Late on Wednesday, Oracle posted slides purporting to come from a meeting held between Oracle co-president Mark Hurd and Autonomy chief Mike Lynch, who came along with investment banker Frank Quattrone. The slides depicted Autonomy's financials, and Oracle said they proved Autonomy had been "shopping" itself around a while before it agreed to a £7.1bn takeover by HP.

That acquisition was almost certainly one of the key factors that led to HP sacking its chief executive, Leo Apotheker. In a move likely to further embarrass HP, Oracle said on Thursday that it had turned down Autonomy's sale offer because it thought the $6bn (£3.8bn) valuation was too much.

The slides were published on Oracle's website as having been "sent to Mark Hurd", who joined Oracle last year after being forced out of HP amid sexual and expense-related scandal. Drawn up by investment bank Qatalyst , they are dated "January 2011", which was months before the April meeting between Autonomy and Hurd.

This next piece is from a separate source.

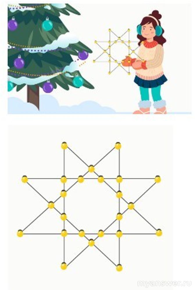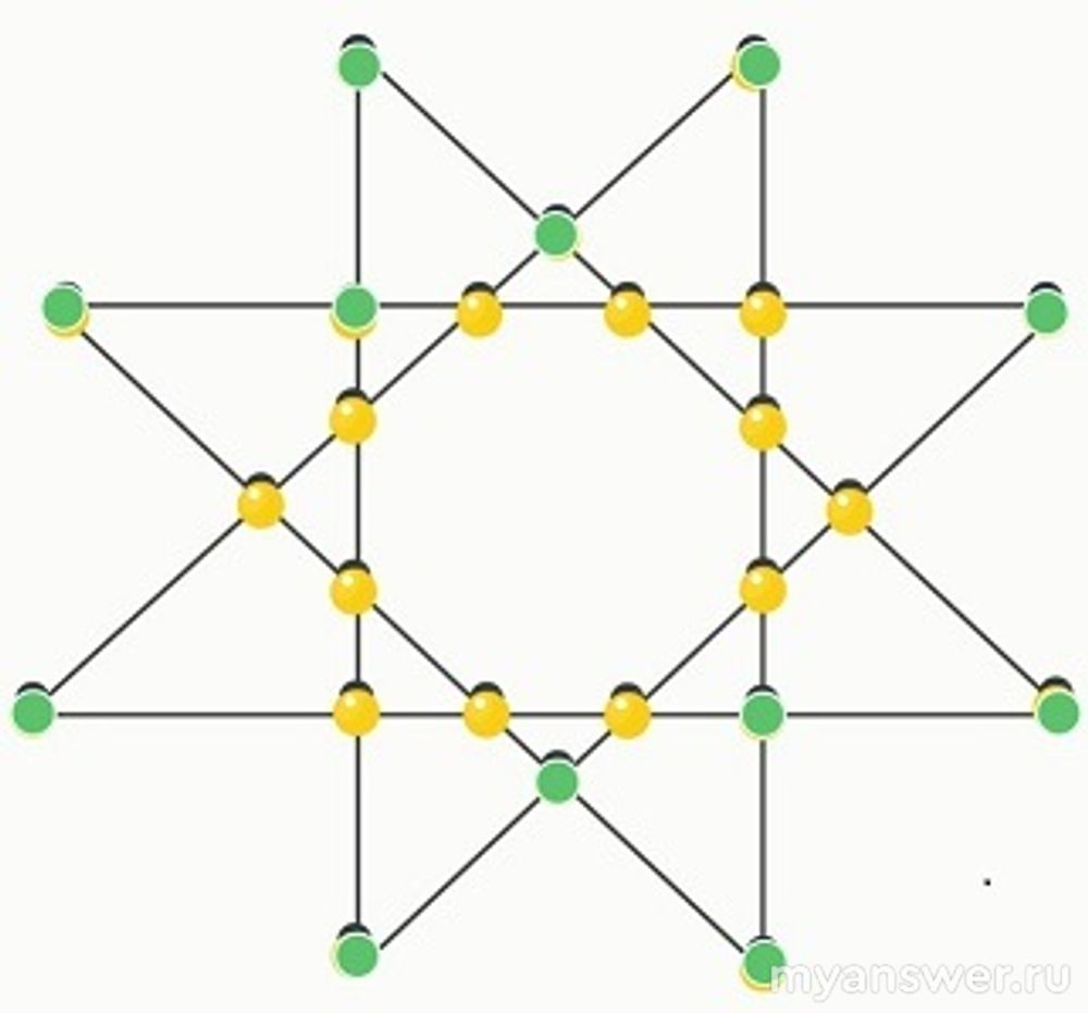 Всем хороша была ёлочка, но чего‑то ей не хватало. Поразмыслив, Маша принесла с чердака игрушку в форме восьмиконечной звезды. В точки пересечения рёбер можно ставить диодные лампочки. Игрушка засверкает всеми красками, если замкнуть электрическую цепь: для этого нужно вставить диоды так, чтобы на каждом ребре их оказалось хотя бы три. Разместите лампочки так, чтобы звезда засияла. Имейте в виду, что в прошлом году Витя использовал диоды в своей гирлянде и тех осталось мало, поэтому чем меньше лампочек вы используете, тем больше баллов получите.

Seizing on this fact, Autonomy said on Thursday that Qatalyst had prepared and sent the PowerPoint presentations to Hurd on its own steam, as mergers and acquisition bankers are wont to do.

"It may well be that investment banks were independently recommending Autonomy as an acquisition target to industry players — that is standard practice for M&A bankers — but this would not have been at our behest," Autonomy said. "This is the first time we have seen [the slides]. Autonomy was not involved in this nor was Qatalyst engaged by Autonomy until mid-year."

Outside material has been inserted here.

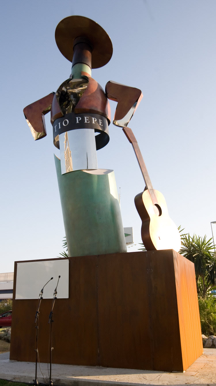 E Monumento de la Rotonda Tío Pepe se convierte en elemento de bienvenida a Jerez y, al mismo tiempo, de identificación de la vinculación de casi dos siglos de González Byass con la ciudad. De acero inoxidable de alta calidad y con nueve metros de altura, esta escultura, diseñada por Chiqui Díaz, da forma a la mítica botella de Tío Pepe, dotándola de elegancia y movimiento.

Autonomy said the 30-40-minute meeting between Autonomy and Hurd had been "set up by Frank Quattrone as an introduction to Mark Hurd", as Oracle is an Autonomy customer.

"In the meeting, and in response to a joke about Mr Quattrone's presence, it was made clear that Autonomy was not for sale and no sale process was under way," the British firm explained. "Mr Quattrone's company was not engaged by Autonomy at that time. There has been no other contact with Oracle since then."

The whole spat started last Tuesday, when Oracle boss Larry Ellison said on an investor call not only that his company had turned down an Autonomy sale offer, but also that customers would benefit from taking Oracle's rival to Autonomy's information management software.

"We think we really don't want to have two separate databases kind of an Autonomy-like unstructured database and an Oracle-structured database. We think that data should be integrated with a single database technology," Ellison said at the time.

Those quotes earned a rebuke from Lynch, who told told The Wall Street Journal a week later that Ellison's "understanding of the problems in the unstructured world is very weak", while also denying the sale offer claim. This kicked off Oracle's latest retorts, and the publication of the slides.

In its statement on Thursday, Autonomy said Oracle's insistence that Autonomy had been shopping itself around was merely "an attempt at diversion from their poor positioning". It also used its stance in the original argument to poke fun at Oracle.

"Oracle seems a little confused about the sequence of events and origins of the data it has received, something that would suggests it needs better management of and insight into the unstructured data on its internal systems," Autonomy said. "We would be delighted to help."